Hacker News new | ask | show | jobs
by awj 5091 days ago
It probably was the database sharding. If the Solr setup could handle the geo-search-related data without the need for sharding it probably can beat out Postgres with sharding.

Having this exposed through an api that is standardized and maintained by someone else is also nothing to sneeze at. I'd trade a bit of performance for that kind of standardization and turnkey use in the right scenario.

1 comments

The reason we use Solr for this specific task is because PostgreSQL cannot efficiently and quickly merge two index queries (time & space). It can do this to a limited degree, but both of these dimensions potentially match 10s of millions of documents, and PG falls over at this.
So you make the r-tree 3 dimensions (lat,lng,time). PostgreSQL supports this.
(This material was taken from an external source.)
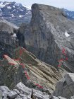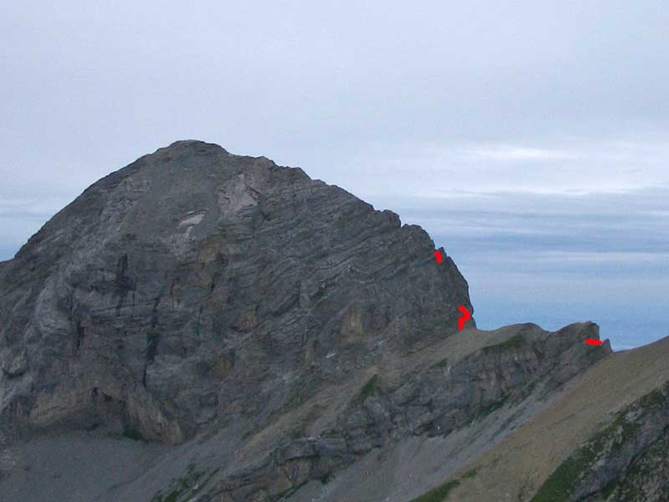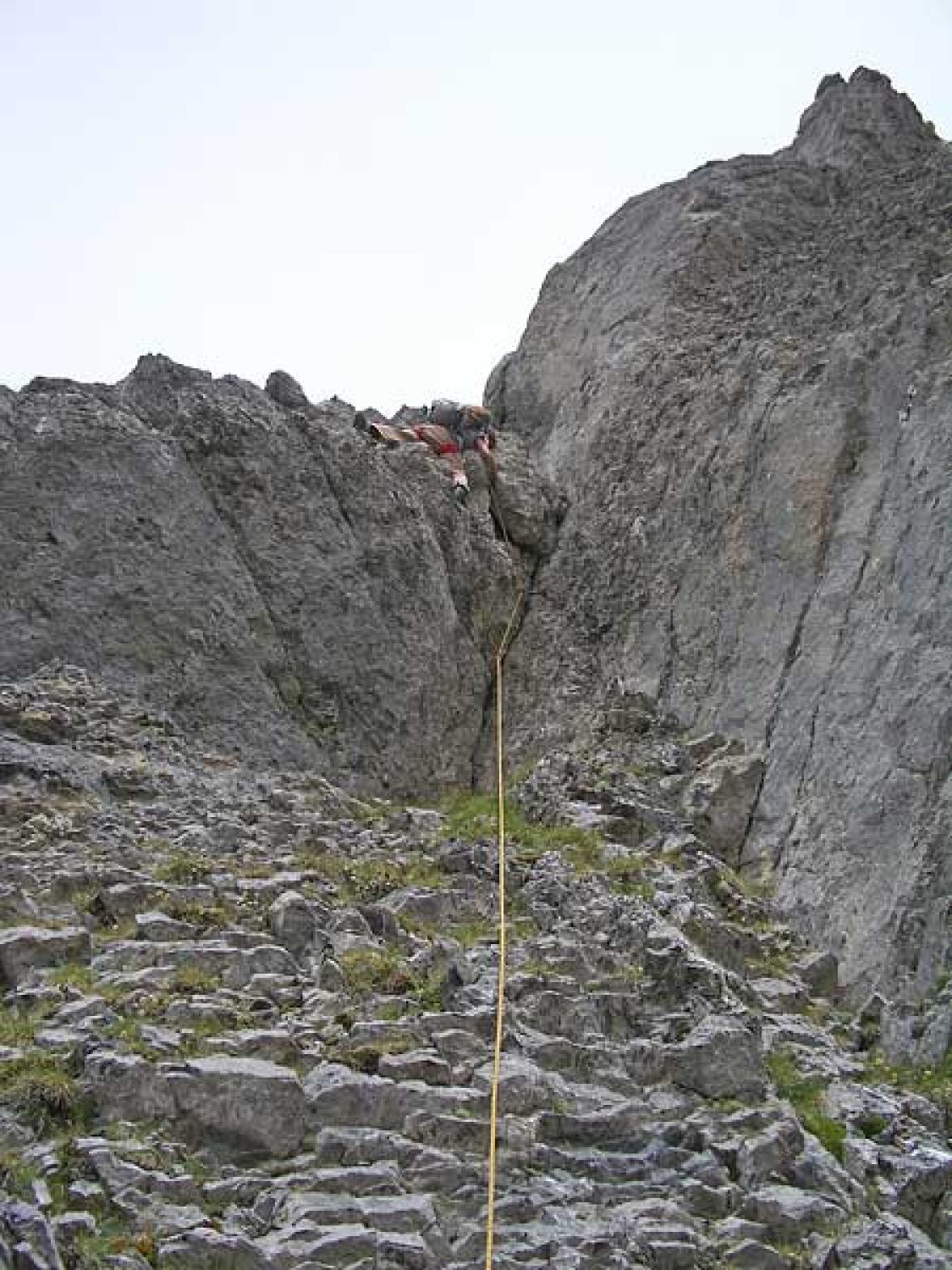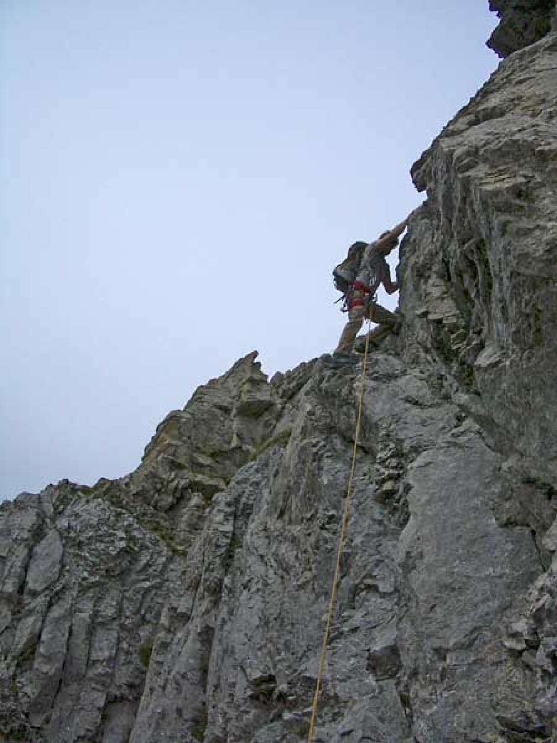 die verhältnisse sind nach der vergangenen langen trockenperiode ideal: die schrofen sind sehr trocken und damit unproblematisch zu begehen. für die kletterei ist es sicherlich von vorteil, wenn man deutlich reserven nach oben verfügt, da sich ansonsten die benötigte zeit infolge sicherungsaufwand schnell verdoppeln wird. auch muss man sich zwingend mit kletterei in brüchigem fels auskennen, da der fels doch über weite strecken nicht allzu zuverlässig ist. vor allem am rotsandnollen und stellenweise auch am barglen lässt einem steile kletterei an heiklem fels hie und da das fürchten lernen.

I dunno I can't envision Solr being more efficient than a properly designed RDBMS for these situations. If you were integrating a full-text search I'd absolutely believe that to be the case but...

We need independent time & geo searches as well. The indexes are vastly smaller in Solr. We use PostgreSQL extensively and prefer it, so it's not a matter of simply wanting to use something different.
That's very interesting. Could you share your story with the mailing list pgsql-hackers a little bit? The guys who work on indexing are quite active on those lists.

Also, there's some new thing I don't understand super well, sp-gist, do you have any thoughts on that?